Then, pick a run that you want to pull data from.

In [None]:
run_name = "s200_intact_freeze_phon"

Pull info to guide selection of model and epoch. N.B., `list_model_info()` returns ModelInfo tuples, which means data is downloaded. `list_epoch_blobs` just returns references to blobs and a little metadata, and the epoch state data must be retrieved later.

In [None]:
model_info = gcloud.list_model_info(B, run_name)
wandb_id = model_info[-1].wandb_id
epochs = gcloud.list_epoch_blobs(B, run_name, wandb_id)

### Download the state data
N.B., this will be a large download (~500 MB)


In [None]:
m = gcloud.ModelStateFromBlob(epochs[-1])

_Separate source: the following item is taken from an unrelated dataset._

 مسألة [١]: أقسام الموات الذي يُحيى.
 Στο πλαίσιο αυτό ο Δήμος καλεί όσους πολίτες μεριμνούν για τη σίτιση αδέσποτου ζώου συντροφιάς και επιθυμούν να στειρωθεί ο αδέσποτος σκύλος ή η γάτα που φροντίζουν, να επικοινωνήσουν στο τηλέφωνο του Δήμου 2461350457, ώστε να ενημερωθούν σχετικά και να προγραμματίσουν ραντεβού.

### Write downloaded data to file

In [None]:
gcloud.ModelInfoToFile(model_info[-1], bucket_name)
gcloud.ModelStateToFile(m, bucket_name)

### Write directly to file (picking a new model and epoch)
This will involve a large download of epoch state data (~500 MB).

In [None]:
model_info_blobs = gcloud.list_model_info_blobs(B, run_name)
config_from_blob = gcloud.ModelInfoFromBlob(model_info_blobs[0])
wandb_id = config_from_blob.wandb_id
epochs = gcloud.list_epoch_blobs(B, run_name, wandb_id)
gcloud.BlobToFile(model_info_blobs[0])
# N.B., this will be a large download (~500 MB)
gcloud.BlobToFile(epochs[-1])

## Read from file

In [None]:
config_from_file = gcloud.ModelInfoFromFile(
    "buckets/time-varying-reader-runs/s200_intact_freeze_phon/1nexxgef/config.json",
    "time-varying-reader-runs")
print(config_from_blob)
print(config_from_file)